Reducing Windows XML Events

Here, we demonstrate how to use just a few Cribl Stream Functions to parse WindowsXML events and reduce their volume by 34–70%, dramatically reducing your downstream infrastructure requirements.

Using Eval and C.Text.parseWinEvent

Cribl Stream’s internal C.Text.parseWinEvent method parses Windows XML strings and returns a prettified JSON object. You can use this function within an Eval Function to parse an event or an ad hoc XML string. It works like C.Text.parseXml, but with Windows events, it produces more-compact output.

As you can see from its signature, C.Text.parseWinEvent accepts an optional nonValues parameter that can further reduce an event’s size by discarding characters that you specify as redundant.

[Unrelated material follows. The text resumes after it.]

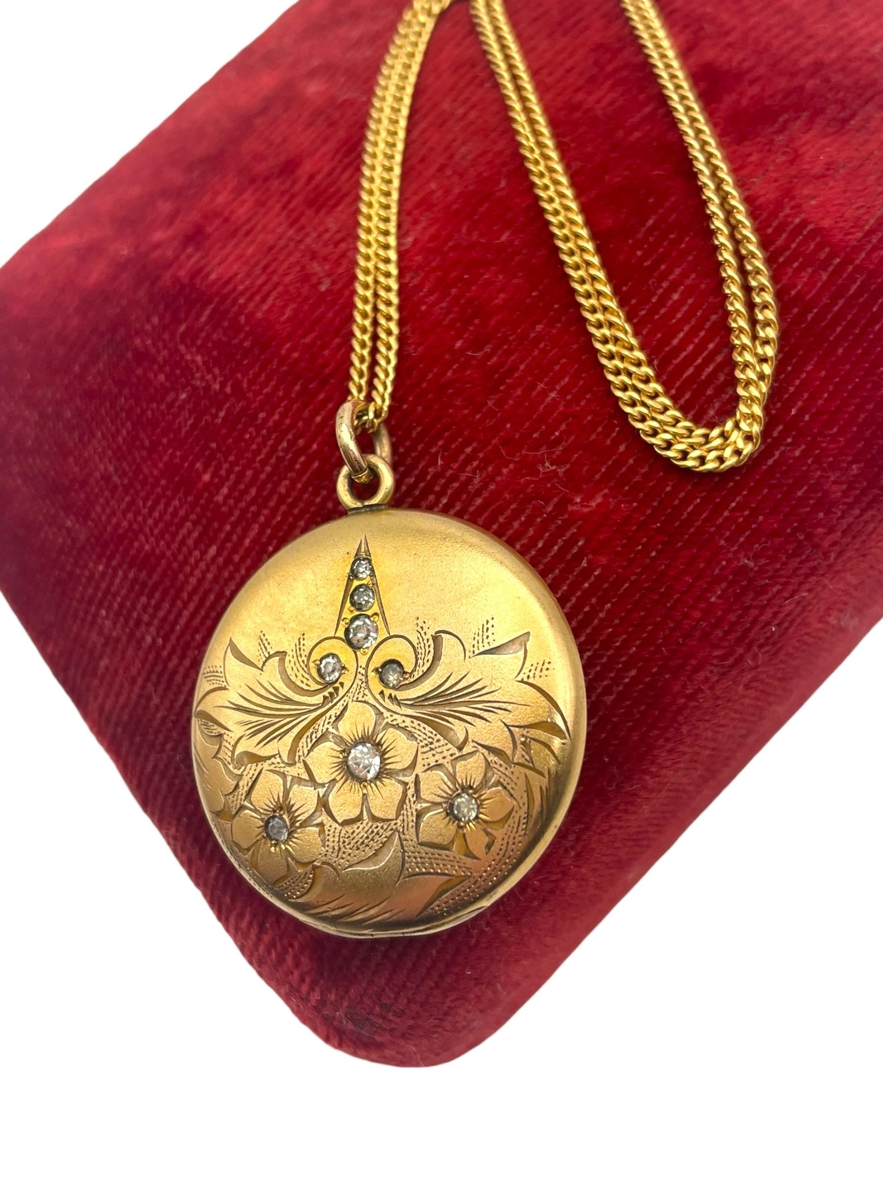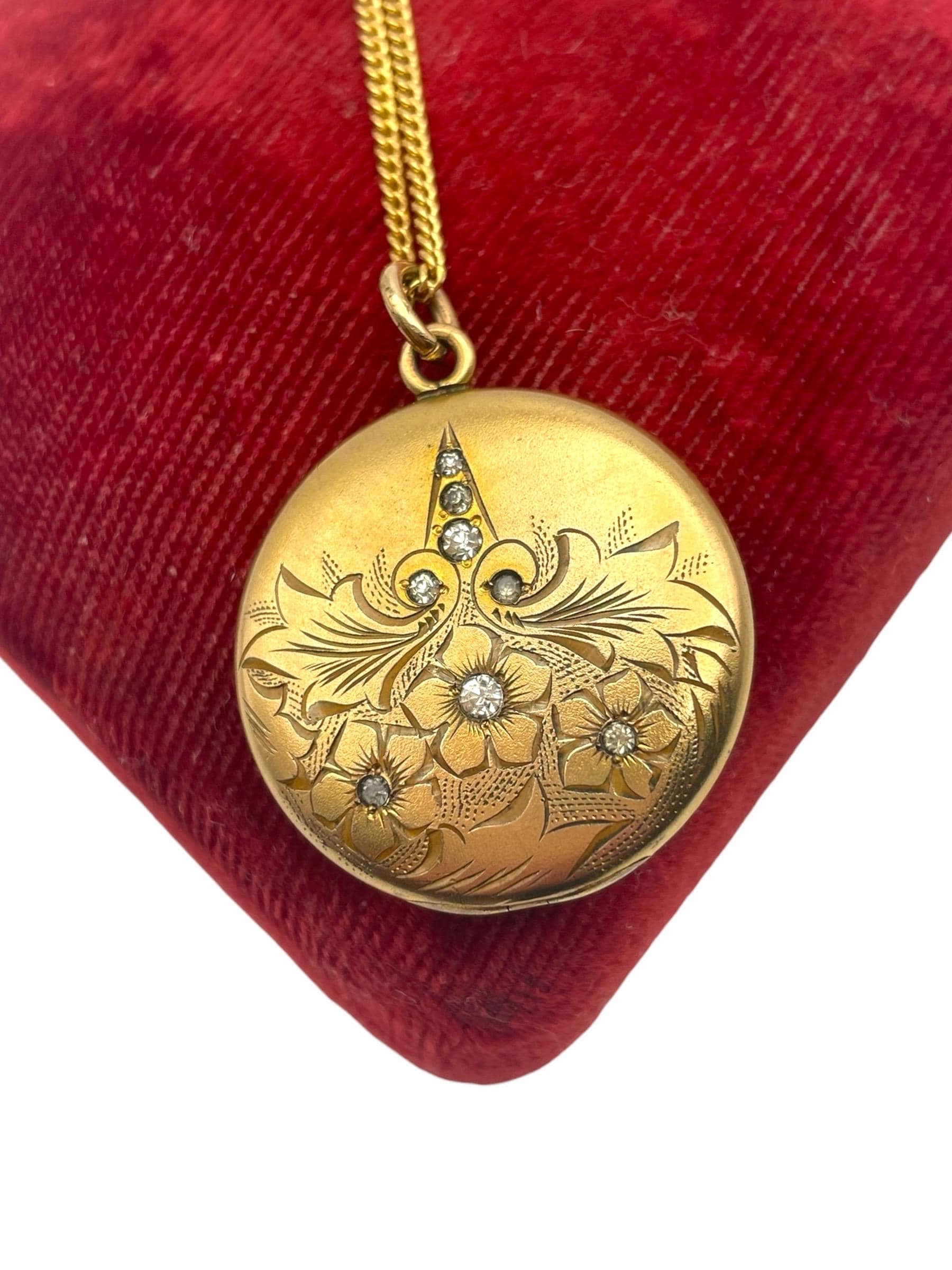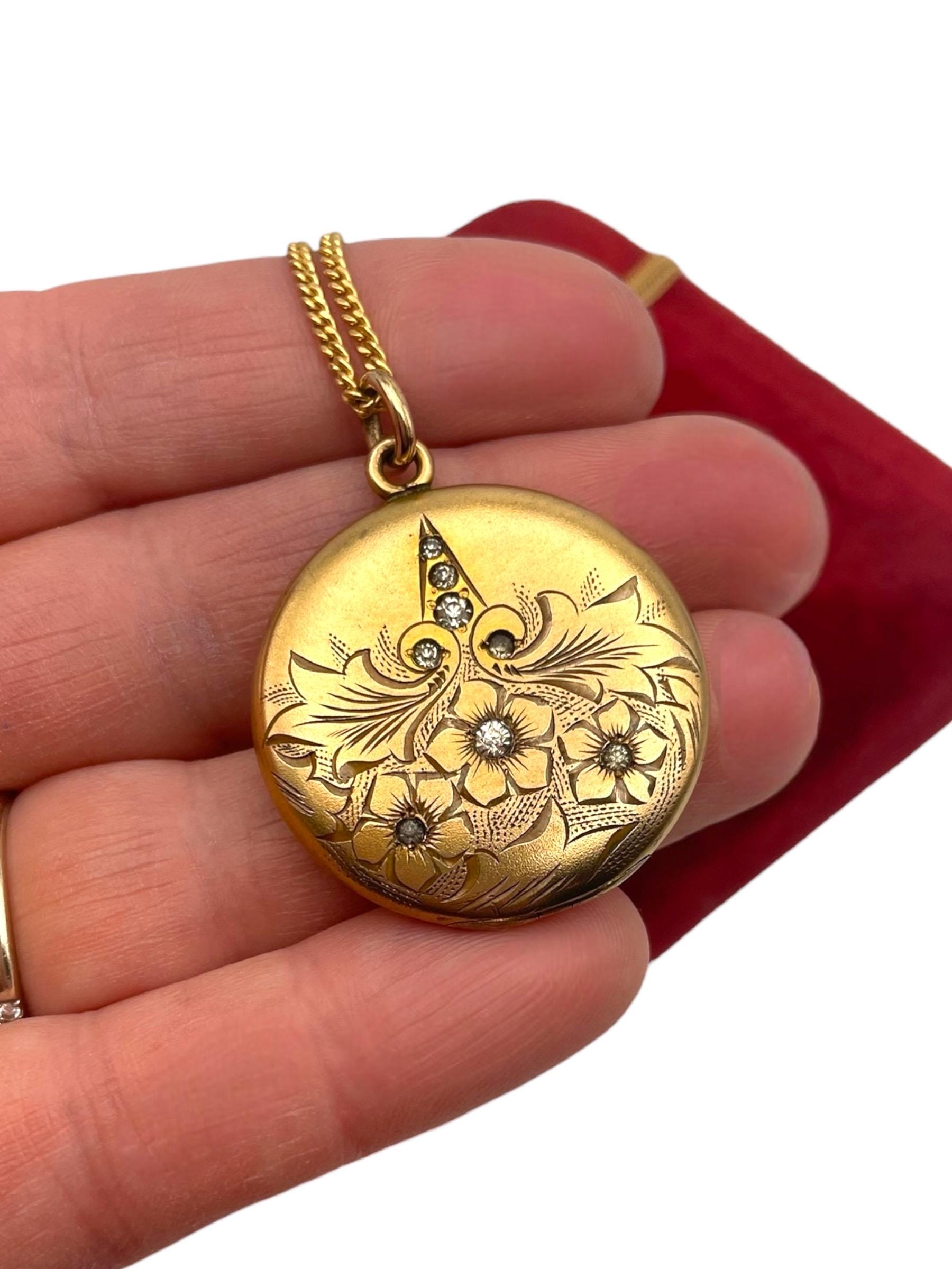 Lovely antique Art Nouveau gold filled round photo locket on a 12K gold filled chain. Beautiful and ornate, this locket was from the early 1900s. The locket front features a matte finish with an etched floral design swirling across it. There are decorative paste stones throughout - 8 in total, ranging in size.

(method) C.Text.parseWinEvent(xml: string, nonValues?: string[]): any

@param – xml – an XML string; or an event field containing the XML.

@param – nonValues – array of string values. Elements whose value equals any of the values in this array will be omitted from the returned object. Defaults to ['-'], meaning that elements whose value equals - will be discarded.

@returns – an object representing the parsed Windows Event; or undefined if the input could not be parsed.

XML: Threat or Menace?

When working with XML, an anonymous Reddit user’s quote sums up the challenge: “Some languages can be read by humans, but not by machines, while others can be read by machines but not by humans. XML solves this problem by being readable to neither.” An example of a Windows XML event only reinforces this quote:

This Windows XML _raw event is 1.36KB in size:

Eval to the Rescue

In our initial Eval Function below, the Value Expression uses C.Text.parseWinEvent to simply parse the _raw Windows XML event and turn it into a prettified JSON object:

The resulting JSON event is now down to 921.00B in size, a 34.07% reduction of the event:

The C.Text.parseWinEvent(_raw,[]) call yields verbose output that includes XML attributes. If you want flatter output, you can substitute C.Text.parseXml(_raw, false).

Removing Unnecessary Fields with a Better Eval

But we can do better. The fields containing essentially null values ('0','0x0', or '‑') bloat events, demanding extra infrastructure and storage:

Let’s amplify the reduction by removing all of the fields whose values are in the set: ['0','0x0','-']. This improved version of our Eval Function parses the Windows XML event, and discards ['0','0x0','-'] values. (Its preceding row also tidies up events by removing tabs and curly braces, and replacing newlines and returns with commas.) The result is an even smaller prettified JSON object.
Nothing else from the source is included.